*Work to complete:* Copy the lines below, please, starting with the one that contains "Mandan SD - N" and ending with the last. Pictures stay out.

*Given information:*
===

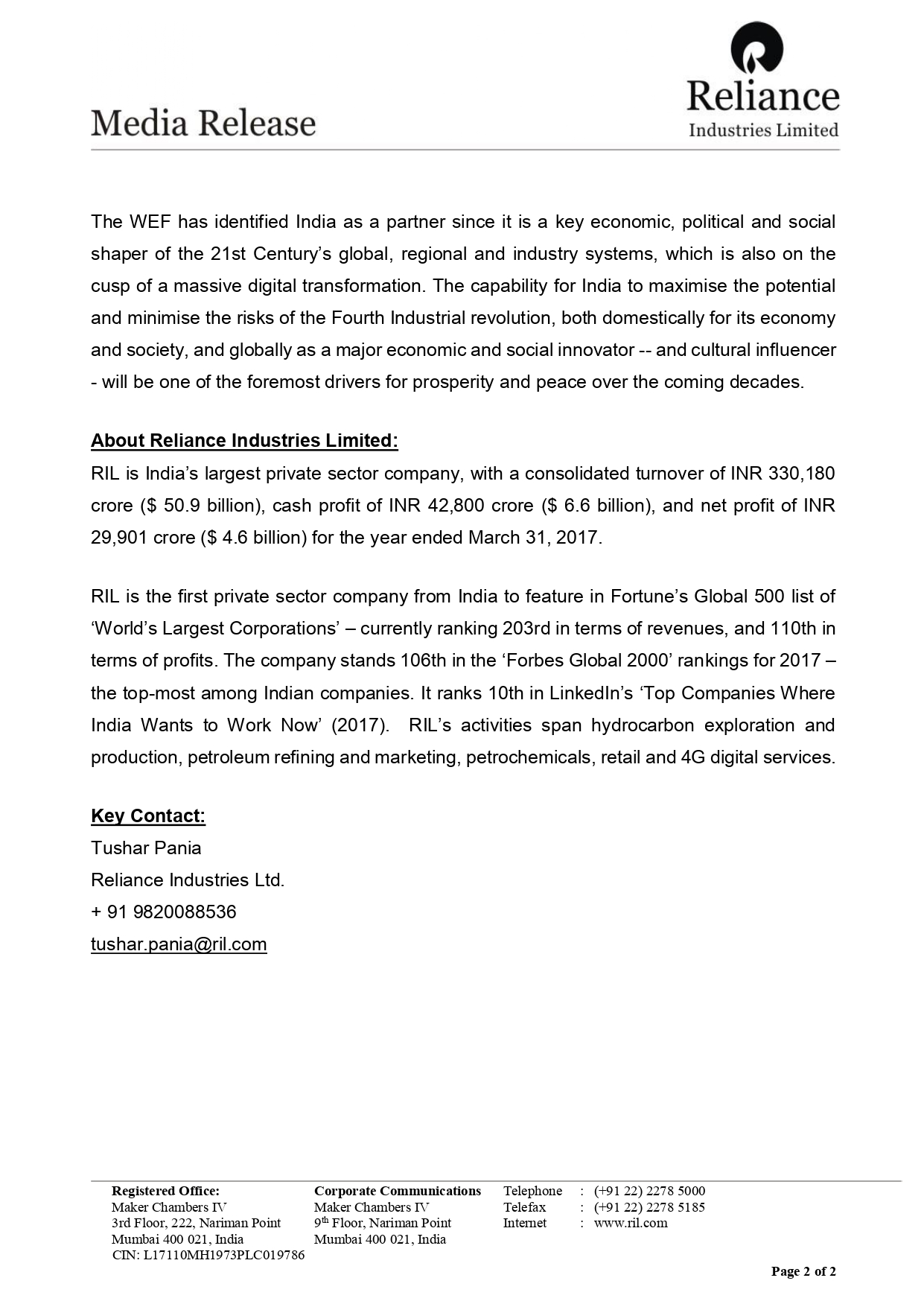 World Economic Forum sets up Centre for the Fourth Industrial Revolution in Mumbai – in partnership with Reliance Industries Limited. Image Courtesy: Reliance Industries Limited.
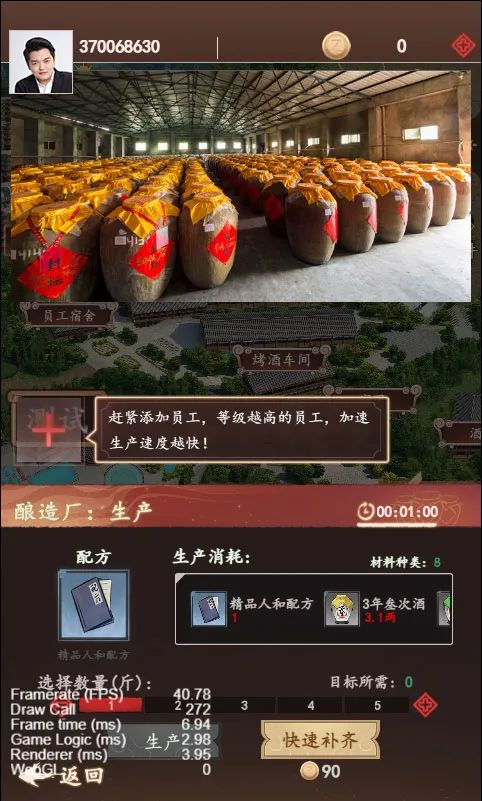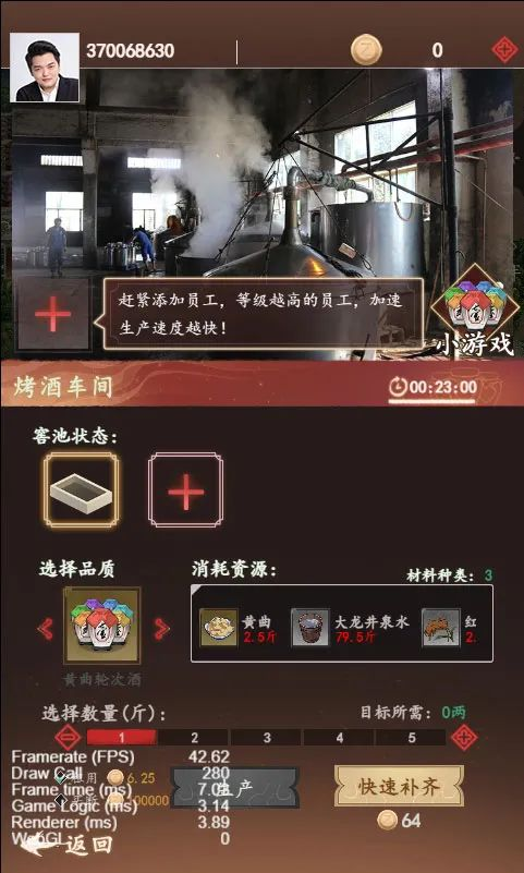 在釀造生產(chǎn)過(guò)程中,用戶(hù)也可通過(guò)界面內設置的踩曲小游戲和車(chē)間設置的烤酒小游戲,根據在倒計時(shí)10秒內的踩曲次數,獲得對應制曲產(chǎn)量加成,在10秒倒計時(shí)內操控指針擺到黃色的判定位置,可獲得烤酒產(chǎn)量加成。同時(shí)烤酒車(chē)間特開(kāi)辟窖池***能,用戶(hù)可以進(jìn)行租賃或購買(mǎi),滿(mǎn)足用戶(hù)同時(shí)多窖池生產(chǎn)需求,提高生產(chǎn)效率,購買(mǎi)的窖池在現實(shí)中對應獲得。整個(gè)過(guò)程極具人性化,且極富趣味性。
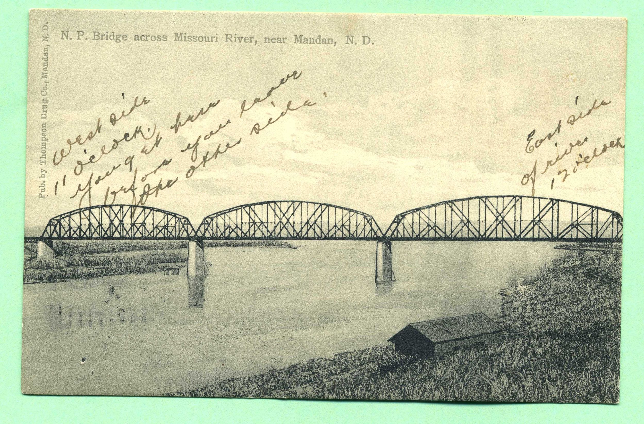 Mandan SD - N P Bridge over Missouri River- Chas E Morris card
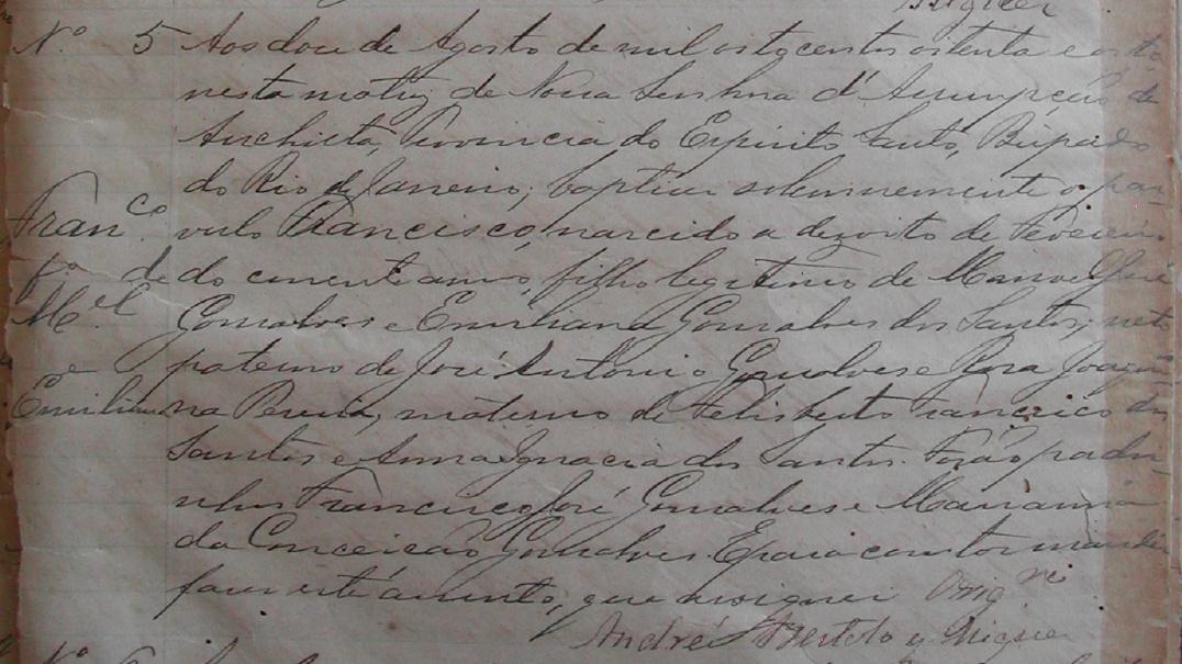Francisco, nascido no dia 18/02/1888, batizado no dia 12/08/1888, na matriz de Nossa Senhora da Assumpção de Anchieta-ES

===

*Answer box:*
 Mandan SD - N P Bridge over Missouri River- Chas E Morris card
Francisco, nascido no dia 18/02/1888, batizado no dia 12/08/1888, na matriz de Nossa Senhora da Assumpção de Anchieta-ES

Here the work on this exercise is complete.